2Adaptability or versatility
If digital humans are integrated to address knowledge retention, then knowledge sharing capability is improved, but system complexity increases
Solution Approach 1:
The patent creates a multi-functional AI system that performs multiple knowledge retention tasks through a single unified platform. The system simultaneously analyzes interactions, captures tacit knowledge, generates insights, trains new employees, and provides recommendations, thereby improving knowledge retention capability without proportionally increasing system complexity. The universal AI architecture handles diverse functions through shared underlying mechanisms.
Solution Approach 2:
The patent implements self-service capabilities where the AI system automatically manages its own operation and optimization. The system autonomously learns from new interactions, adapts to changing team dynamics, and improves its knowledge capture capabilities without requiring complex manual configuration or intervention. This self-service approach reduces the operational complexity of maintaining the system while enhancing its adaptability.
3Loss of information
If comprehensive interaction analysis is performed to capture tacit knowledge, then knowledge retention is improved, but processing time and computational resources increase
Solution Approach 1:
The patent implements preliminary action by continuously analyzing and storing interaction data in real-time as it occurs, rather than performing batch processing later. The system proactively captures tacit knowledge during team communications, organizing and structuring information as it is generated. This preliminary analysis ensures knowledge preservation without creating processing bottlenecks, as the work is distributed over time rather than concentrated.
Solution Approach 2:
The patent maintains continuous analysis of team interactions through automated real-time processing. The system continuously monitors communications, extracts knowledge, and updates the organizational memory without interruption.

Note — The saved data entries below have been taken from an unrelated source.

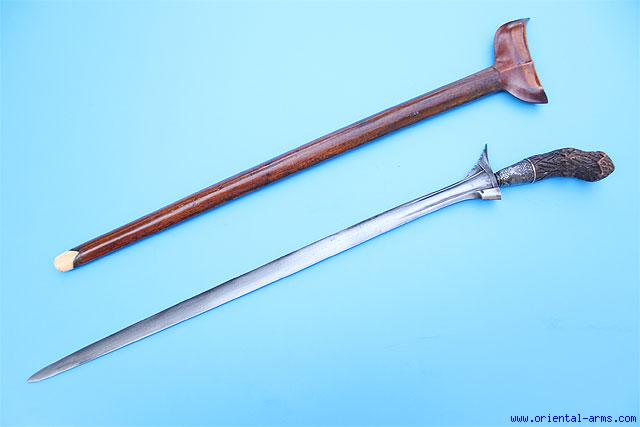 A Keris Penjang, also sometimes referred to as Execution Keris from Sumatra, late 19 - early 20 C. The massive blade is 19 ½ inches long. The hilt is very finely carved ivory with dark age patina. Fine grained wood scabbard with ivory tip. Total length 26 inches. Very good condition. Short age crack on the hilt. A fine piece. |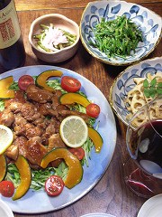 本日も、小雨の横浜です。今朝は、肌寒いです・・・涼し過ぎ。昨日の日記のもろこ、こっちが正解だったようです。これがもろこ大きくて、怖い顔だわ・・・帰宅したダーリンに間違いを指摘されました。夕食メニューです。・鶏の照り焼き&たっぷり野菜とかぼちゃ・ほうれん草の胡麻和え・レンコンのキンピラ・漬物照り焼きは、スペアリブ用のタレに漬けました。作り方は、一昨日の日記に出ています。やっぱりオレンジジュースが、決め手です。いい照りですね・・・下には野菜がいっぱい。かぼちゃは、薄くスライスして。バターを乗せて、レンジでチン!!かぼちゃの甘みが、凝縮されます。付け合せにも、綺麗でしょ・・・・ダーリンのお皿に映えるわ。これは、レンコンのキンピラ。みんなも良く作るかな?シャキシャキした、食感が好きなの。鷹の爪は、お好みでね。今日は、イタリア土産の唐辛子オイル入り。◆作り方はこちら レンコンのキンピラ by FELLOW今夜のワインはこれ。リヴェラ・テッラニーマ・プーリア・ロッソ2004このワインは・・・・[トッレヴェント・カステル・デル・モンテ・ロッソ 2003][ウマニ・ロンキ・ビアンキ・モンテプルチアーノ・ダブルッツオ2004]これを合わせたようなワイン。この言葉が、買いの決め手!!特に、ビアンキは2年ほど前からのお気に入りのイタリアワイン。開けたてから、甘酸っぱい果実の香りが開いてる。タンニンが、程よく効いて・・・チキンと食べると、さらにワインが美味しい。幸せ~ な時間です。参加しました・・・宜かったらクリックしてくださいね(^^ゞ 以前紹介した、おからDEグラタンと、モヤシとワカメのさっぱりサラダのレシピ。こちらも、トップの料理レシピにもUPしました。是非お試し下さい。◆作り方はこちら おからDEグラタン by FELLOW もやしとワカメのさっぱりサラダ by FELLOW ◆HOME ◆BBS日記 ◆本日のワイン ◆旅行 ◆ウォーキング ◆食器 ◆家作り ◆カテゴリ未分類 ◆カテゴリ未分類 ◆我が家のグリーン ◆料理レシピ ◆スイーツ ◆美味しい店
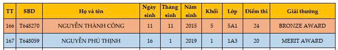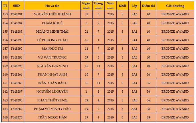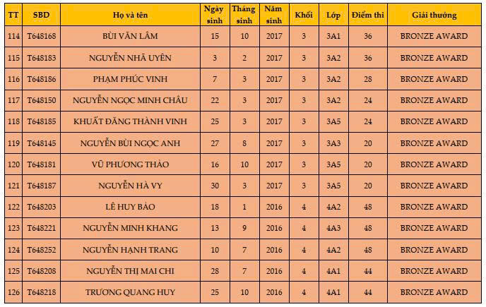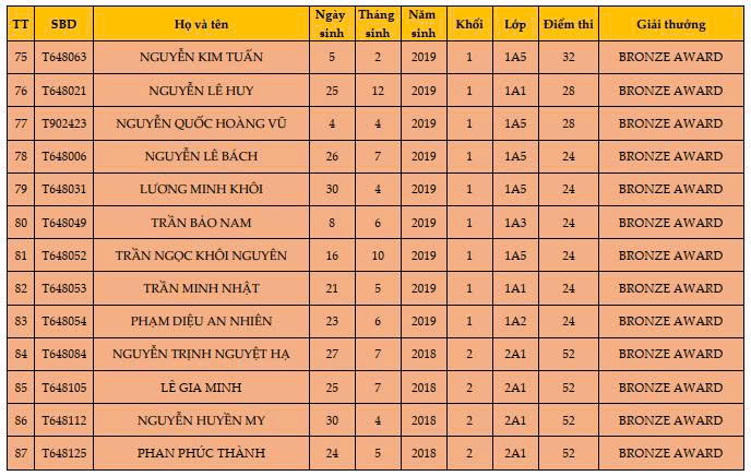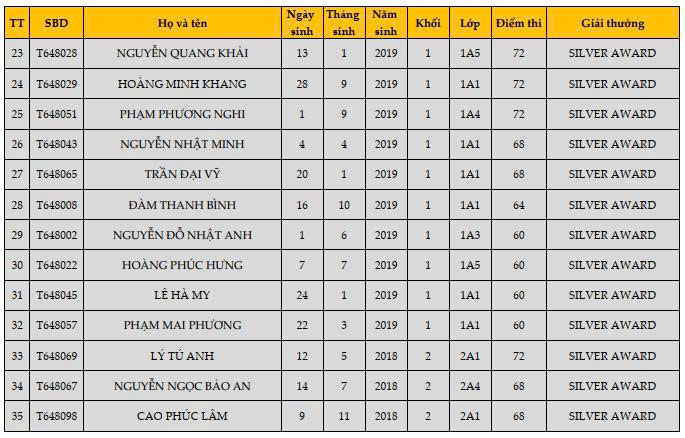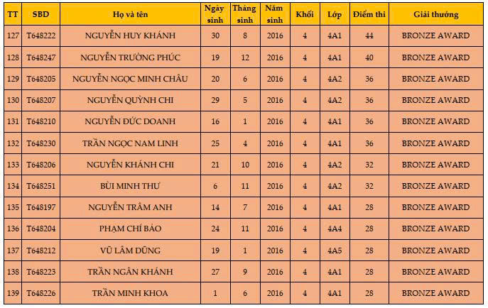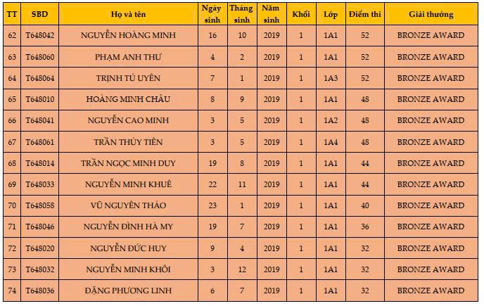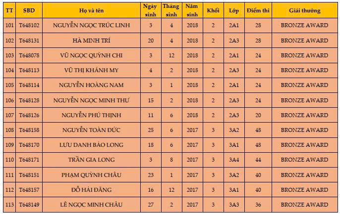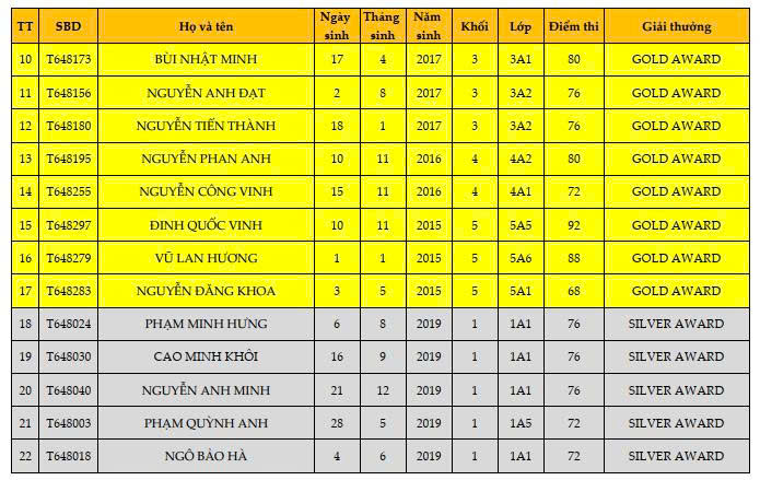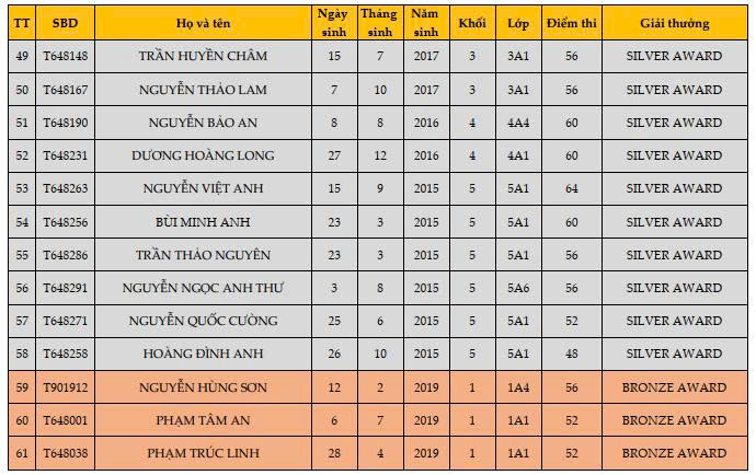 Dưới đây là danh sách các con học sinh đã đạt giải: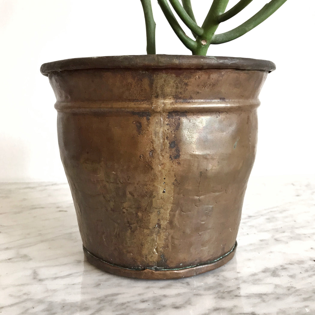This is a gorgeous vintage hammered copper planter with rich color and natural patina. Can be used to house your favorite plant or organize utensils, etc.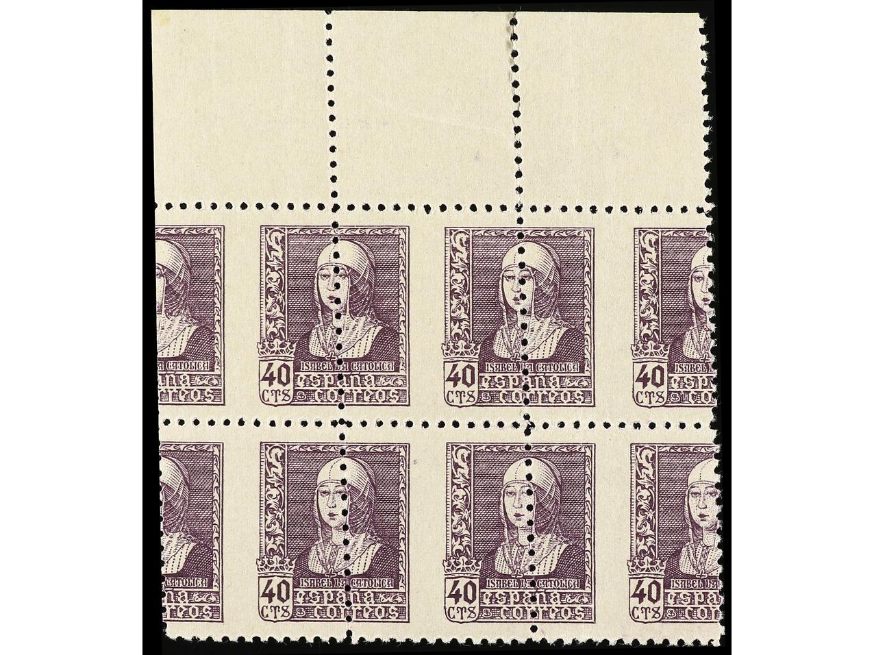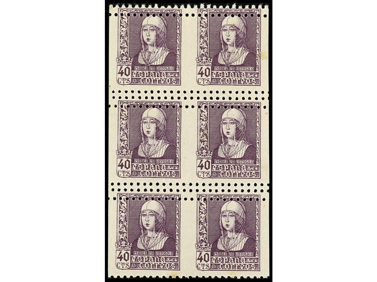 ESPAÑA. 40 cts. violeta. Bloque de seis, una hilera con doble dentado horizontal y dos hileras con triple dentado horizontal. Ed.858. (Image1)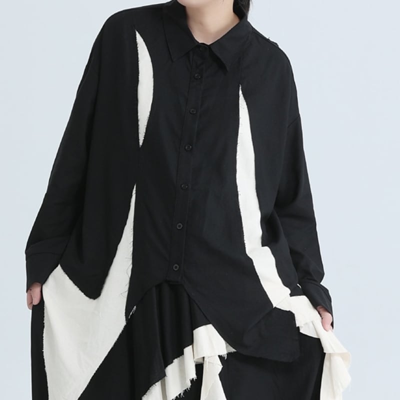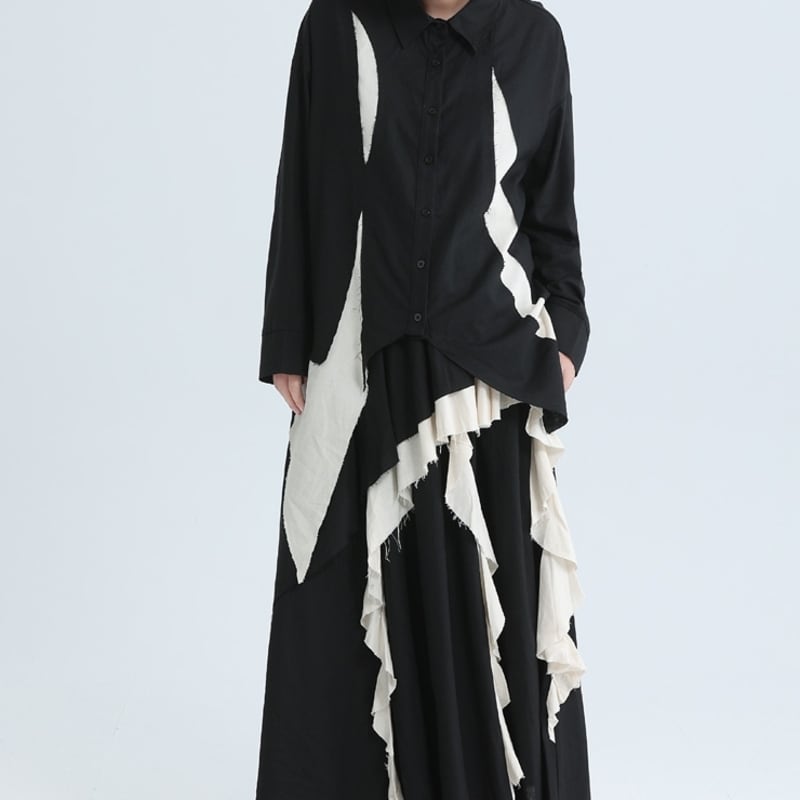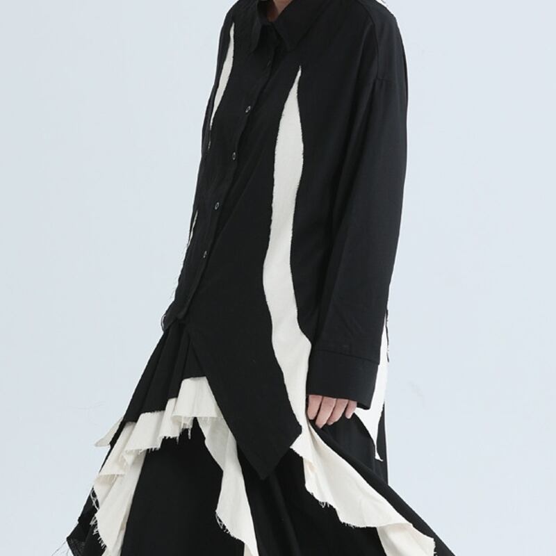 大胆なアシンメトリーカットとレイヤード風のデザインが加わり、他にはない存在感を放ちます。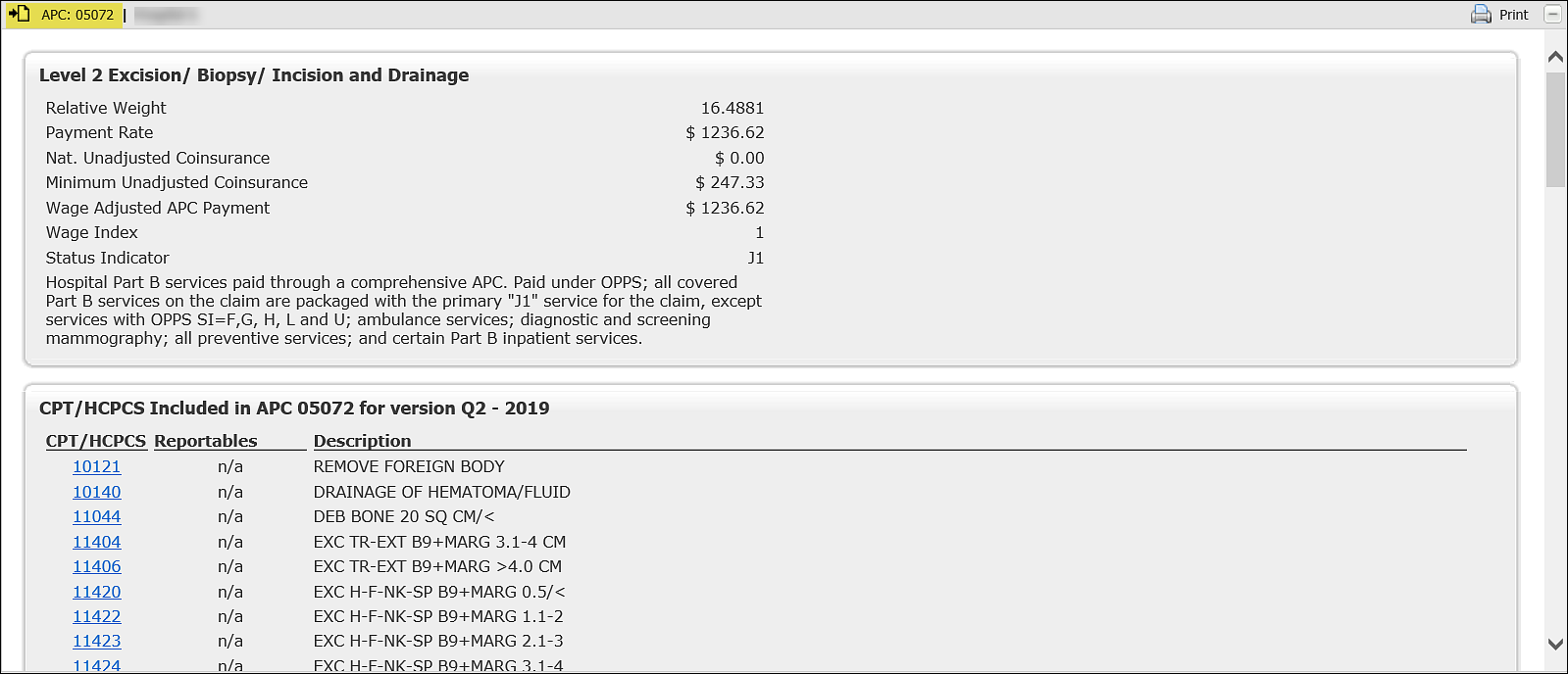 The APC detail page gives you a list of all associated CPT/HCPCS codes that are paid under the respective APC.

This continuous useful action ensures comprehensive knowledge preservation while optimizing processing efficiency through sustained low-level computation rather than periodic intensive processing, thereby minimizing time loss.
Data Source
AI summary
A digital assistant on a user interface, employing the trained human-emulative digital model is determined for a team to engender synchronization. The collective interactions between members of the team are analyzed. The customers associated with the first data center are identified. The share goal and interaction pattern based on the analyzed collective interactions are identified. The human-emulative digital model, using a deep learning algorithm, based on the at least one share goal and interaction pattern is trained.